04 Dezembro 2021
“O que o vírus trouxe como evidência é o crescimento inaudito de uma massa que agora segrega de outra forma, ao menos em nível do Eu. Porque se a característica primeira da massa é a coesão entre aqueles que a integram em torno de um ideal, agora o individualismo denota uma posição muito mais idiota: o ideal é a própria mais-valia”, escreve Sebastián Piasek, psicanalista, professor e pesquisador em Psicologia, Ética e Direitos Humanos, na Universidade de Buenos Aires, em artigo publicado por Página/12, 25-11-2021. A tradução é do Cepat.
Os ideais revolucionários de outra época assinalavam a eliminação de qualquer diferença de classe como meio para a equidade social. Embora o norte ecoe tentador, hoje sabemos que a segregação lamentavelmente constitui o miolo da espécie humana.

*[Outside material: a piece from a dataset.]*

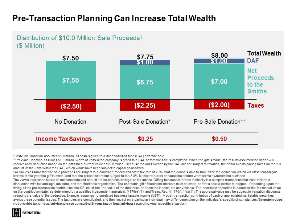 The views expressed herein do not constitute and should not be considered legal or tax advice. Gifting business interests to charity is a complex transaction that must include a discussion with tax and legal advisors, and the charitable organization. The charitable gift of business interests must be made before a sale is certain to happen. Depending upon the timing of the pre-transaction contribution, the IRS could limit the value of the deduction or deem the income tax unavoidable. The charitable deduction is based on the fair market value on the contribution date, as determined by a qualified independent appraisal (§170(e)(1) and Treas. Reg. §1.170A-1(c)(1)). The appraisal value may be subject to valuation discounts, reducing the value of the deduction. Example assumes no unrelated business taxable income (UBTI). A post-transaction contribution of cash or appreciated marketable securities avoids these potential issues. The tax rules are complicated, and their impact on a particular individual may differ depending on the individual’s specific circumstances. Bernstein does not provide tax or legal advice; please consult with your legal or tax advisor regarding your specific situation.

Em Psicologia das massas e análise do eu, Freud destacava que toda massa tende a um aumento na afetividade – dirigida a alguma espécie de líder ou ideal – e a uma diminuição da capacidade intelectual que, para além de toda sede de submissão, implica um sacrifício necessário para fazer parte desse laço entre pares.
Embora nunca de forma consciente, quem sacrifica uma posição intelectual o faz porque existe o risco da exclusão, e a exclusão é uma possibilidade porque sempre deve existir um resto que a massa estrangeiriza.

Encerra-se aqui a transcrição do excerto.